提示：关于使用预训练模型的时候进行微调训练，那么该怎么进行微调训练呢？

第一：如果是我们准备的数据集和预训练模型的数据集差不多，也就是图像中的内容是差不多的，那么只需要修改最后的输出类别，微调训练最后一层的全连接参数，其他层冻结，比如下面这样做：

model = models.resnet50(pretrained=True)

# 修改全连接层最后的输出类别，使得全连接层的输出与当前数据集类别数对应
# 新建的层默认 requires_grad=True

model.fc = nn.Linear(model.fc.in_features, n_class)

# 只微调训练最后一层全连接层的参数，其他层冻结
optimizer = optim.Adam(model.fc.parameters())

第二：如果我们准备的数据集和与训练模型的数据集相差比较多的话，那么这个时候可以微调训练所有的层，但是还是载入预训练模型的参数，比如下面这样做：

model = models.resnet18(pretrained=True)

model.fc = nn.Linear(model.fc.in_features, n_class)

optimizer = optim.Adam(model.parameters())

第三：如果我们准备的数据集和预训练模型的数据集完全不一样的话，那么就不需要载入训练模型的参数，使用预训练模型结构进行权重初始化，微调训练所有的层，比如下面这样做：

model = models.resnet18(pretrained=False) # 只载入模型结构，不载入预训练权重参数

model.fc = nn.Linear(model.fc.in_features, n_class)

optimizer = optim.Adam(model.parameters())

（7）加载数据集

 # #加载数据集  https://mydreamambitious.blog.csdn.net/article/details/128482455
    batch_size=4
    trainDataLoader=DataLoader(dataset=trainDataset,batch_size=batch_size,shuffle=True,num_workers=0,drop_last=False)
    testDataLoader=DataLoader(dataset=testDataset,batch_size=batch_size,shuffle=True,num_workers=0,drop_last=False)

（8）定义损失函数

 # #损失函数的定义
    lossCIFAR10=torch.nn.CrossEntropyLoss()

（9）定义优化器

# #定义优化器 https://blog.csdn.net/Wind_2028/article/details/120541017
    learing_rate=0.001
    optimizer=torch.optim.SGD([
        {'params':modelResNet50.layer4.parameters(),'lr':learing_rate},
        {'params':modelResNet50.avgpool.parameters(),'lr':learing_rate},
        {'params':modelResNet50.fc.parameters(),'lr':learing_rate}
    ],lr=learing_rate)

（10）模型的保存和加载

模型的保存方式：
- 方式一：模型的结构+模型的参数
  - torch.save(modelResNet50,'modelName.pth');
- 方式二：模型的参数
  - torch.save(modelResNet50.state_dict(),'modelName.pth');
对应的模型加载方式：
- 对应模型保存方式一：
  - model=torch.load('modeName.pth');
- 对应模型保存方式二：
  - modelResNet50=torchvision.models.resnet50(pretrained=False);
  - modelResNet50.load_state_dict(torch.load('modeName.pth'));

（11）训练开始

提示：训练模型中使用：model.train()和model.eval()的具体作用：分别设置为训练模型和验证模型。

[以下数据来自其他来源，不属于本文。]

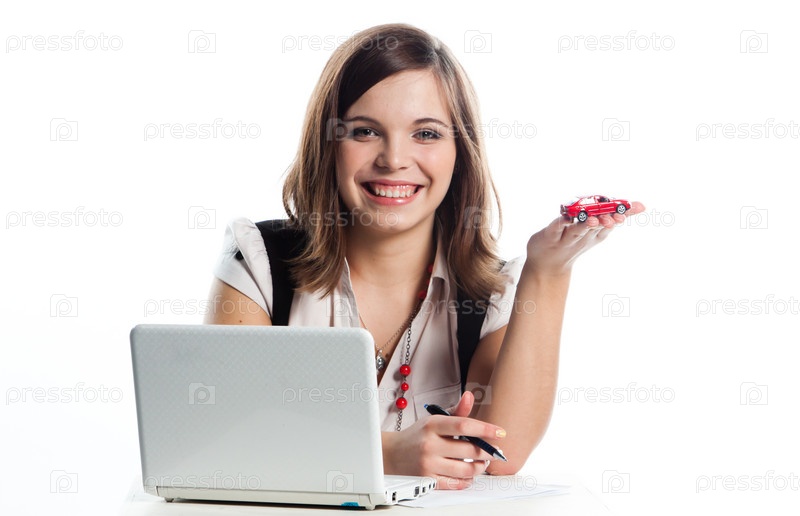 Молодая симпатичная бизнес-леди с машинкой за ноутбуком на белом фоне

但是这仅对某些模块有任何影响，比如： Dropout, BatchNorm。

https://pytorch.org/docs/stable/generated/torch.nn.Module.html#torch.nn.Module

# #迭代的次数
    epoches=10

    #使用tensorboard显示训练过程
    writer=SummaryWriter('logs')
    #将损失值和准确率保存起来，用于最后画出图形
    PlotTestLoss=[]
    PlotTestCorrect=[]
    PlotTrainLoss=[]
    PlotTrainCorrect=[]

    for i in range(epoches):
        # 训练的次数
        trainStep = 0
        #训练集上的准确率
        trainCorrect=0
        #训练集上的损失
        trainLoss=0
        traintotal=0
        print('-----------------------第{}轮的训练--------------------------'.format(i+1))
        #每一次迭代的训练
        modelResNet50.train()
        for traindata in trainDataLoader:
            imgs,targets=traindata
            # print(type(imgs)) =><class 'torch.Tensor'>
            #输入模型，进行训练
            output=modelResNet50(imgs)
            # print(output)
            # print(output.shape)
            # 计算损失值
            loss=lossCIFAR10(output,targets)
            #优化器清零
            optimizer.zero_grad()
            #反向传播
            loss.backward()
            #梯度更新
            optimizer.step()
            #步数加一
            trainStep=trainStep+1
            with torch.no_grad():
                #获取预测概率最大值索引(按行计算最大)
                output=torch.argmax(input=output,dim=1)
                # print(output)=>tensor([2, 9, 6, 0])
                # print(output[0].item())=>2
                #计算准确率
                trainCorrect+=(output==targets).sum().item()
                traintotal+=imgs.shape[0]
                #计算总的损失
                trainLoss+=loss.item()
                if trainStep%100==0:
                    print('-----------step: {}--------loss: {:.6f}---------correct: {:.6f}'.format(trainStep,trainLoss*1.0/traintotal,trainCorrect*1.0/traintotal))
        writer.add_scalar(tag='trainLoss',scalar_value=trainLoss*1.0/traintotal,global_step=i+1)
        writer.add_scalar(tag='correct',scalar_value=trainCorrect*1.0/traintotal,global_step=i+1)
        #在tensorboard中绘制预测最优一步训练的output[0]结果图
        writer.add_image(tag='train----{}.{:.4f}'.format(classes[output[0].item()],trainCorrect/traintotal),img_tensor=imgs[0],global_step=i+1)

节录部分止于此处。